- [Your objective]: With the pictures omitted, print exactly the lines below, from the one containing "6歲的趙一菲小朋友和家長,巧" through the one containing "Haki renkte, kauçuk", and nothing else.

- [Data excerpts]:
____

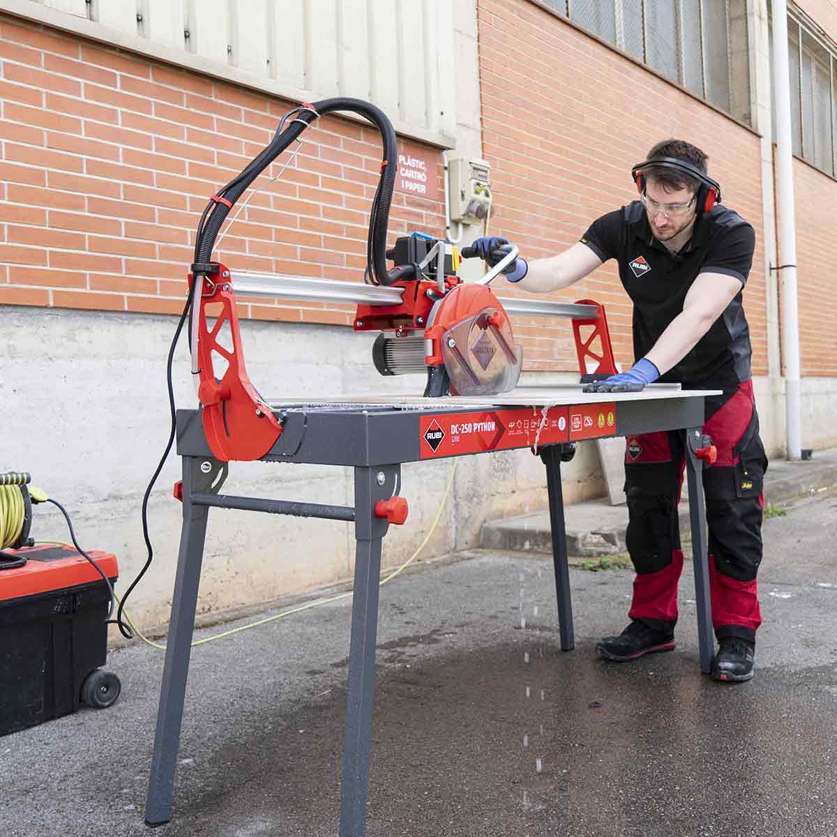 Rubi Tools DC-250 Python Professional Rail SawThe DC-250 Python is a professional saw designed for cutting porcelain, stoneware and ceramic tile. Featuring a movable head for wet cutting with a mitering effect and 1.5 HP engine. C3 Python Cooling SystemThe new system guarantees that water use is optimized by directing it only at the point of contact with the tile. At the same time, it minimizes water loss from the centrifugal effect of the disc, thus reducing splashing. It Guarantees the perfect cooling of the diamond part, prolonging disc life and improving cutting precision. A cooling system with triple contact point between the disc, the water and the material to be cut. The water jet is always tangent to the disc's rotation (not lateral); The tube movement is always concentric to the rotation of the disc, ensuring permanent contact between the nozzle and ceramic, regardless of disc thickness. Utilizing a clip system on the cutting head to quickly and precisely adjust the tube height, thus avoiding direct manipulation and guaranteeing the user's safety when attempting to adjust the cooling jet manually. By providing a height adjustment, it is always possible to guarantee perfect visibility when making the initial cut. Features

____

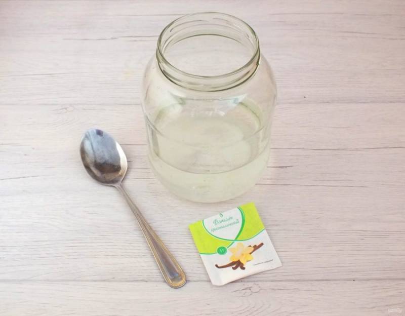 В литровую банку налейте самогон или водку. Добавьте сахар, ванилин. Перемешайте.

____

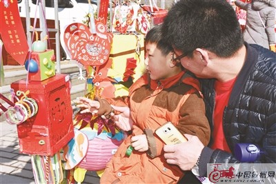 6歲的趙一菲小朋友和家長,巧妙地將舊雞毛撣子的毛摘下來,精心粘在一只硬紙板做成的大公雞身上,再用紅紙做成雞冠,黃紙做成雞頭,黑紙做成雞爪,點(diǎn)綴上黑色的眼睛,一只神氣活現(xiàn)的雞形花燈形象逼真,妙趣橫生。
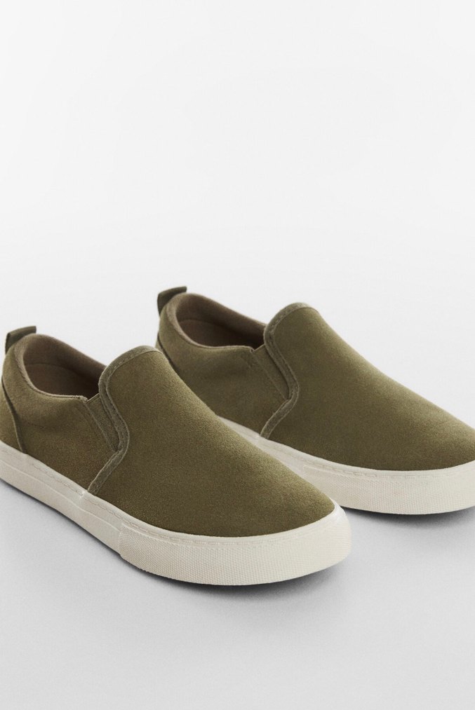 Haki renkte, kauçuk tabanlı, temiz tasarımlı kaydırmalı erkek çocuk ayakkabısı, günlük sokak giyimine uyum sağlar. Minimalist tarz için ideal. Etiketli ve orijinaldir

____

- [Response to this exercise]:
 6歲的趙一菲小朋友和家長,巧妙地將舊雞毛撣子的毛摘下來,精心粘在一只硬紙板做成的大公雞身上,再用紅紙做成雞冠,黃紙做成雞頭,黑紙做成雞爪,點(diǎn)綴上黑色的眼睛,一只神氣活現(xiàn)的雞形花燈形象逼真,妙趣橫生。
 Haki renkte, kauçuk tabanlı, temiz tasarımlı kaydırmalı erkek çocuk ayakkabısı, günlük sokak giyimine uyum sağlar. Minimalist tarz için ideal. Etiketli ve orijinaldir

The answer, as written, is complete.